Episode 19: Cultural Anther-pology (with Sumesh Uncle)

Big News! Samin’s second cookbook, Good Things, will be published this September! You can preorder it here now!

And to celebrate the book release, Samin will be touring across North America this fall for a series of conversations with friends (and occasionally, Hrishi). Get your tickets now for these events, which promise to be full of laughter, connection, and deliciousness (unless Hrishi is moderating, in which case all we can promise is bickering and puns).

In the meantime, here’s a new episode with some questions about eggs, rice, saffron, and specialty condiments — plus a visit from our favorite food influencer, Sumesh Uncle.

For a transcript of this episode, click here.

Food Ideas Discussed in This Episode:

The Creamy Sesame-Ginger Dressing and Crunchy Cabbage Slaw recipes are in the new book and this will take you back to the pre-order page, since the publishers would kill us if we shared them before publication.

Hrishi's Brown Butter Dark Chocolate Chunk Cookie Recipe.

Vega's Auntie Harris wrote this article about her photo's unexpected appearance in Congress.

Eggless, but Protein-full Breakfasts:

All of Samin's eggless/dairy-free, aquafaba-based creamy salad dressings will be in Good Things.

Rice dishes made with unwashed (and not gross!) rice:

Please use your old saffron, just add a little more of it if it's begun to oxidize! Sumesh Uncle advises you to buy Kashmiri saffron and not Persian. Samin is still processing this (shocking) information. 

To use up your condiments:

  • Andrea Nguyen's Mapo Tofu recipe 

  • Calabrian chili paste goes on absolutely everything.

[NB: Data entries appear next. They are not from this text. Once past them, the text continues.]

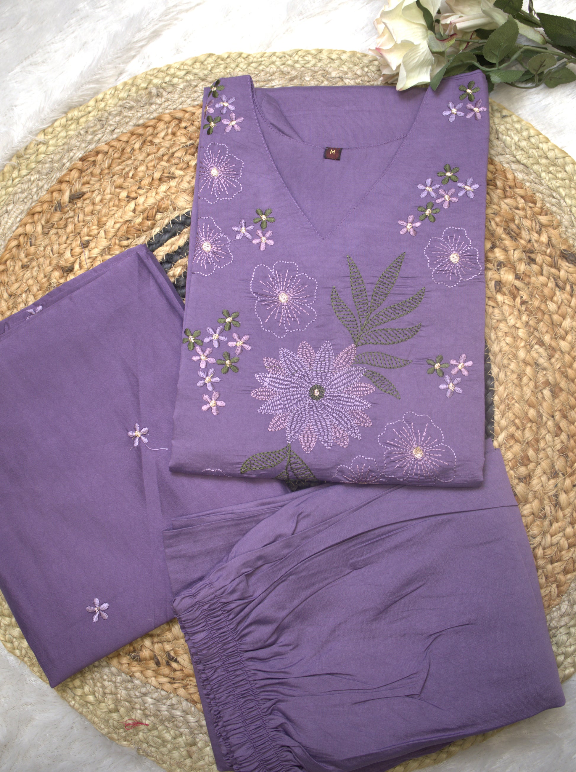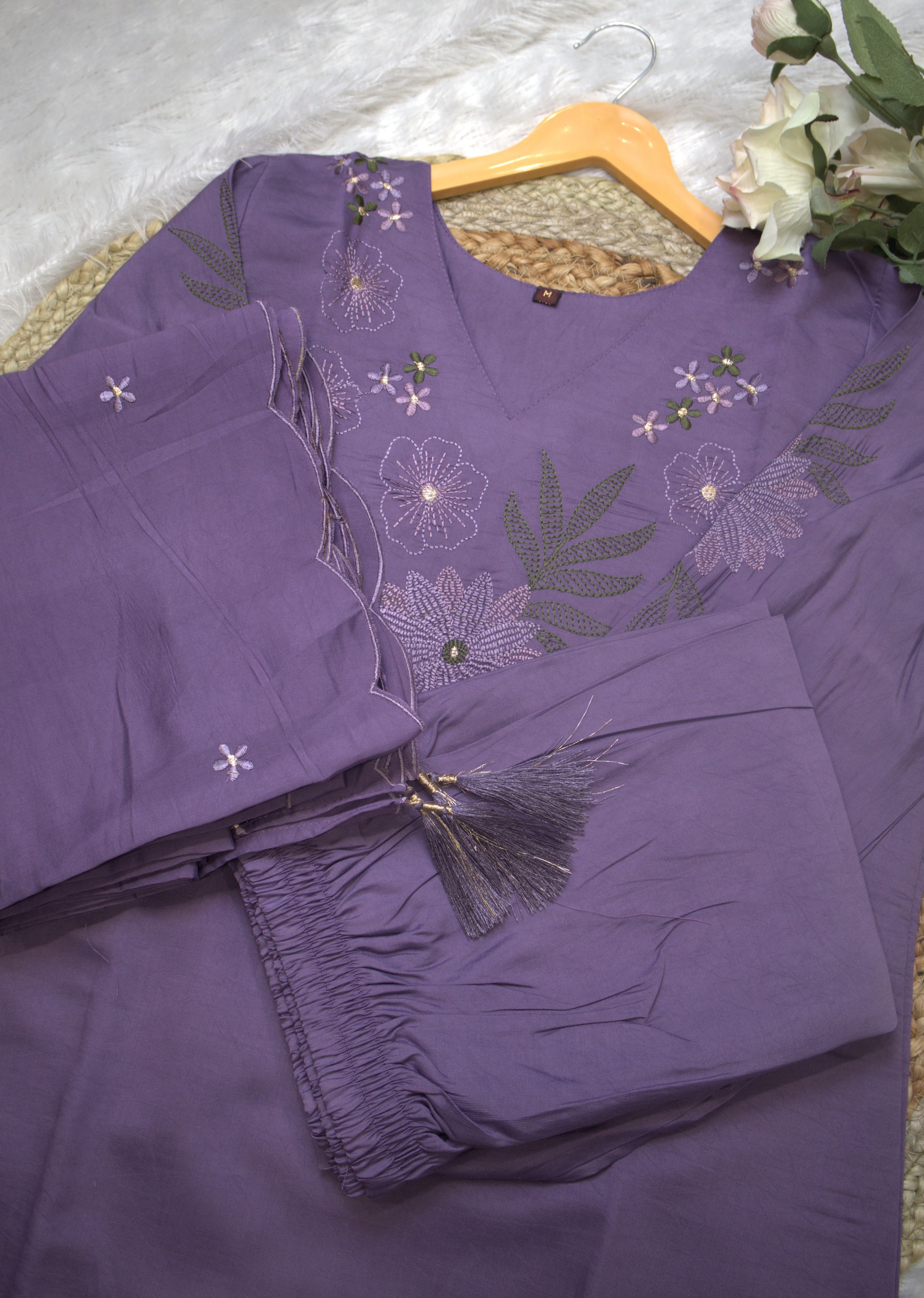 Elevate your everyday style with this exquisitely crafted purple embroidered dress, designed for women who love elegance wrapped in comfort.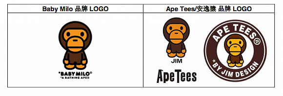 然而,2011 年才成立的“Ape Tees”或“安逸猿”,其品牌 logo、产品设计、店面装修及陈列与 Baby Milo都十分相似,容易造成大众的混淆。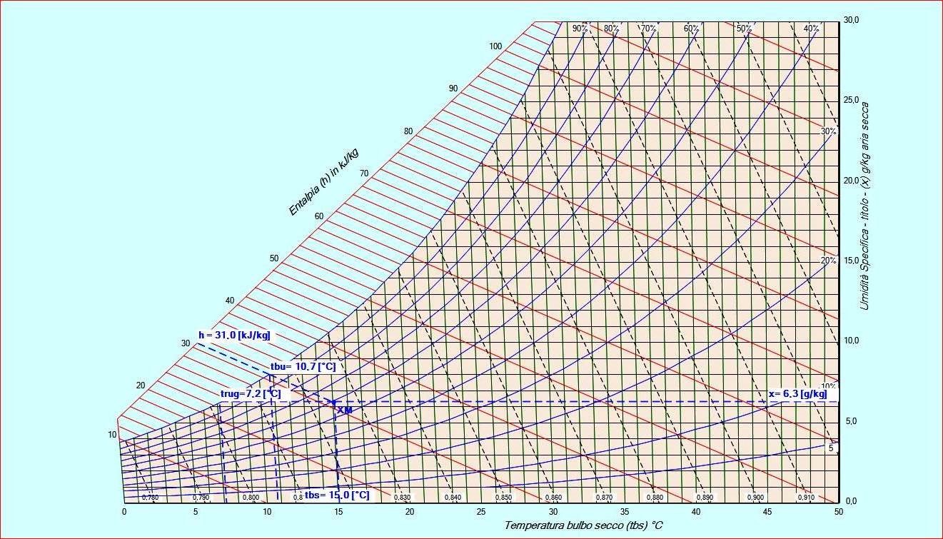 Dal grafico è possibile osservare che con una temperatura di 15°C e una umidità relativa del 60%, la temperatura di rugiada è di 7,2°C, mentre con una temperatura di 15°C e una umidità relativa U.R.= 80% la temperatura di rugiada è di 12°C.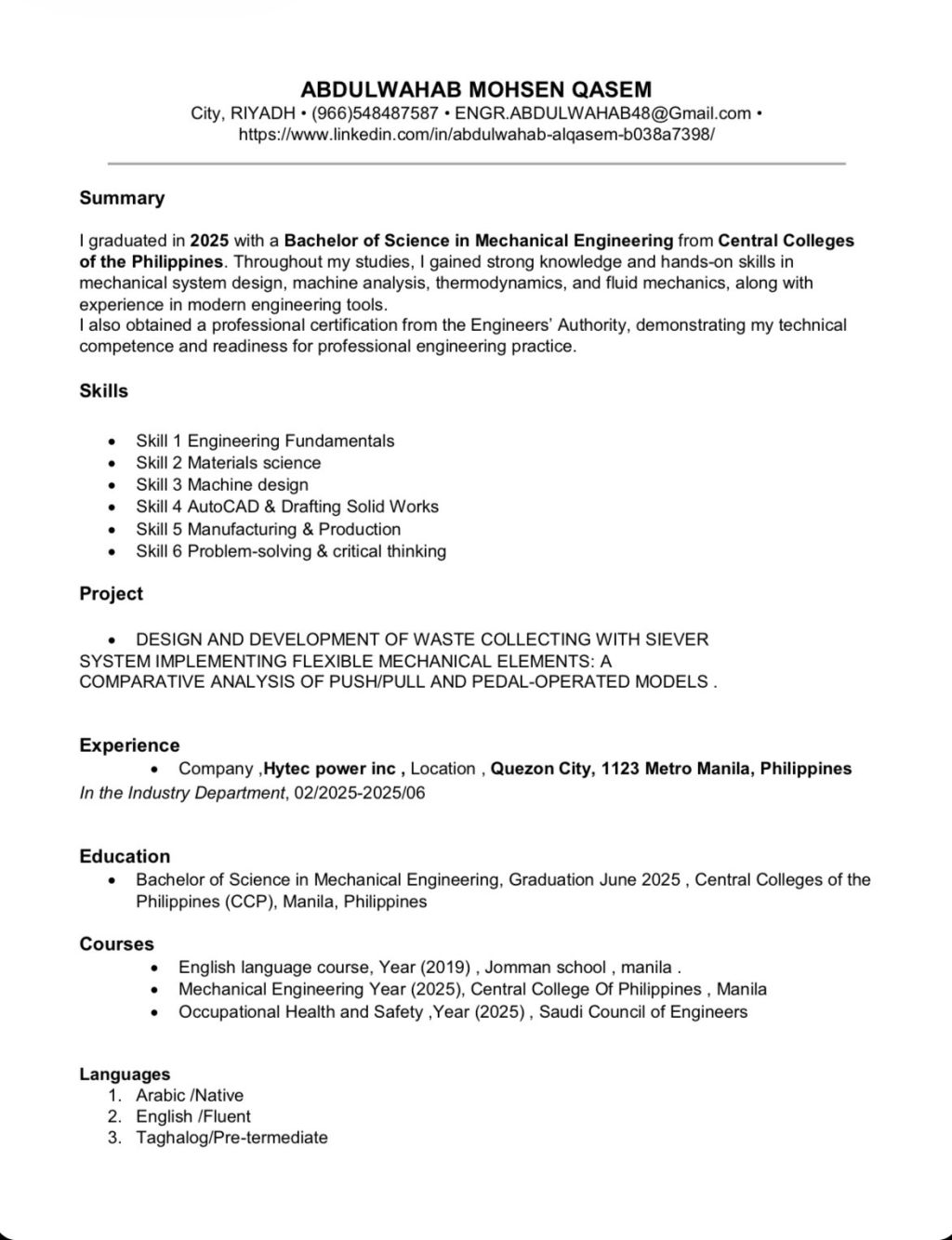 عبدالوهاب محسن، مهندس ميكانيكي ابحث عن وظيفة هندسية في الرياض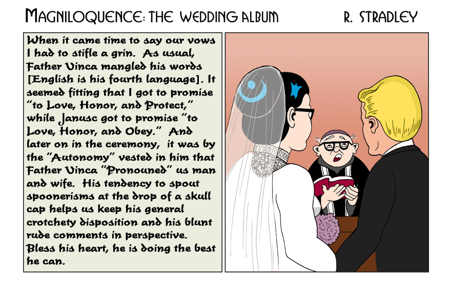 Once again, I got to play with spoonerisms and Fr. Vinca. AlsoI got to play with tropes as Janusc vows to Love Honor and Obey. . -- Robert Stradley, the Weekend Artist. |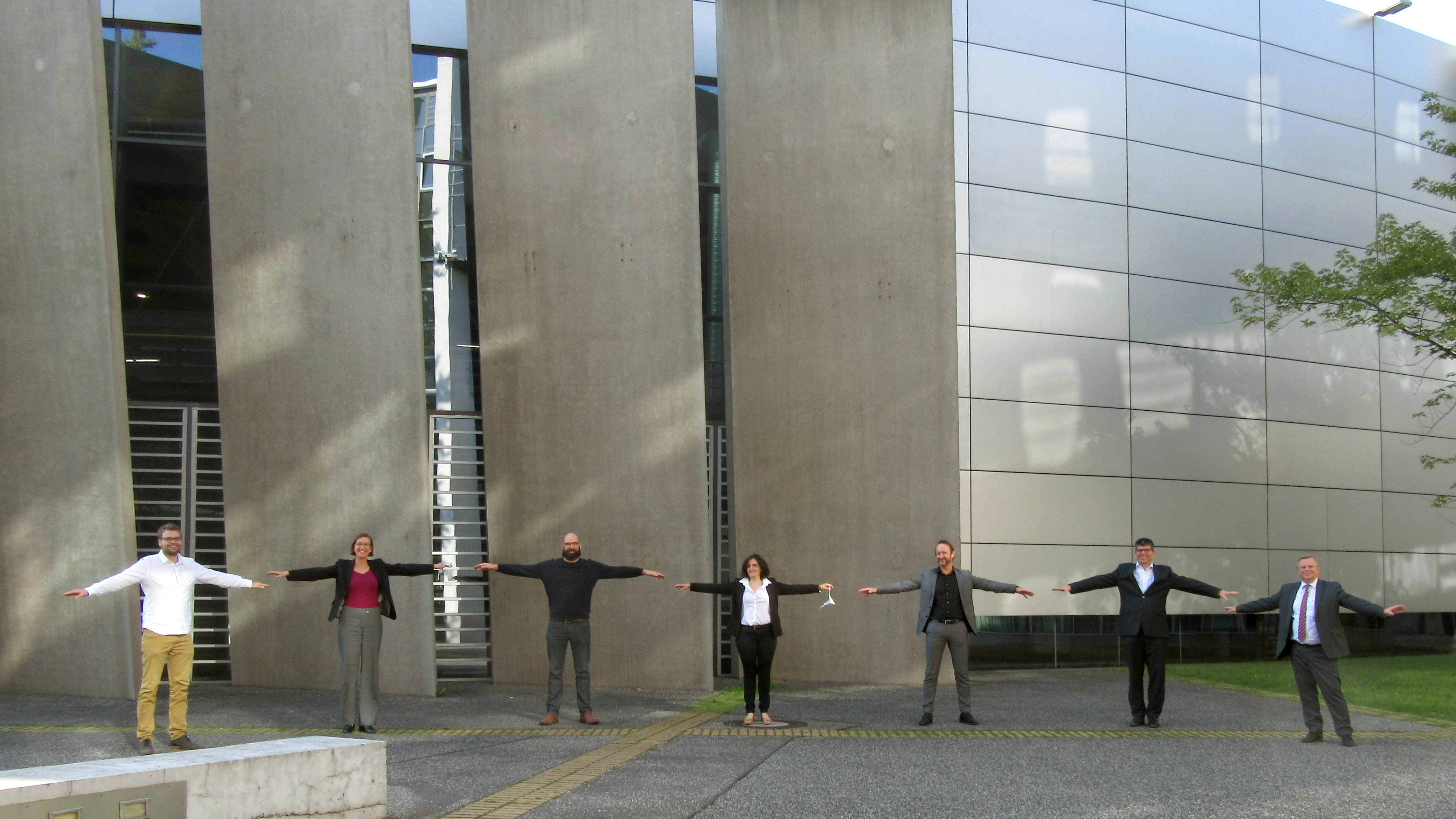 Die Teilnehmer nach der Unterzeichnung des Kooperationsvertrags zwischen IKZ und HZB in Corona-konformen Abstand: (von links nach rechts) Dr. Andreas Popp (IKZ), Dr. Manuela Urban (FVB), Dr. Peter Gaal (IKZ), Prof. Dr. Chatherine Dubourdieu (HZB), Prof. Dr. Thomas Schröder (IKZ), Prof. Dr. Bernd Rech (HZB), Thomas Frederking (HZB)

  • Samin's Preserved Meyer Lemon Paste (another Good Things recipe!) makes: salty lemon soda (lemon paste + agave syrup + fizzy water), preserved lemon frozen yogurt, salad dressings, marinades for fish and chicken, or Preserved Lemon and Labne Cake.

  • Tamarind soda suggestion: tamarind paste + fizzy water + maybe a little mint.

  • Date and Tamarind Chutney from Niloufer Ichaporia King is in her book, My Bombay Kitchen.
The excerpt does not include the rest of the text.